PROBLEM DESCRIPTION: Once the line containing "山东省淄博市沂源县悦庄镇崔家庄村,农民在采摘山楂。赵东山摄(影像中国)" is reached, copy it and every line after it exactly, to the end of the material, without pictures.

DATASET EXCERPT:
====
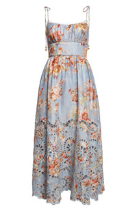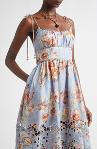 Zimmermann Awaken Picnic Eyelet Embroidered Linen Sundress in Chambray Floral at Nordstrom
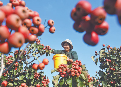 山东省淄博市沂源县悦庄镇崔家庄村,农民在采摘山楂。赵东山摄(影像中国)
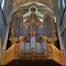 Le grand orgue de tribune fut achevé en 1685 par le facteur François Ducastel et son fils Hippolyte, il fut repris par Nicolas Collar entre 1725 et 1732, agrandi et transformé en 1767 par François-Henri Clicquot, reconstruit par Joseph Merklin de 1864 à 1867, puis restauré en 1942 par Jacquot-Lavergne et enfin par Jean Renaud en 1993. L'orgue comporte 42 jeux disposés sur 3 claviers. L'orgue de tribune a été classé au titre immeuble en 1945[17].
====
ANSWER TO THE PROBLEM:
 山东省淄博市沂源县悦庄镇崔家庄村,农民在采摘山楂。赵东山摄(影像中国)
 Le grand orgue de tribune fut achevé en 1685 par le facteur François Ducastel et son fils Hippolyte, il fut repris par Nicolas Collar entre 1725 et 1732, agrandi et transformé en 1767 par François-Henri Clicquot, reconstruit par Joseph Merklin de 1864 à 1867, puis restauré en 1942 par Jacquot-Lavergne et enfin par Jean Renaud en 1993. L'orgue comporte 42 jeux disposés sur 3 claviers. L'orgue de tribune a été classé au titre immeuble en 1945[17].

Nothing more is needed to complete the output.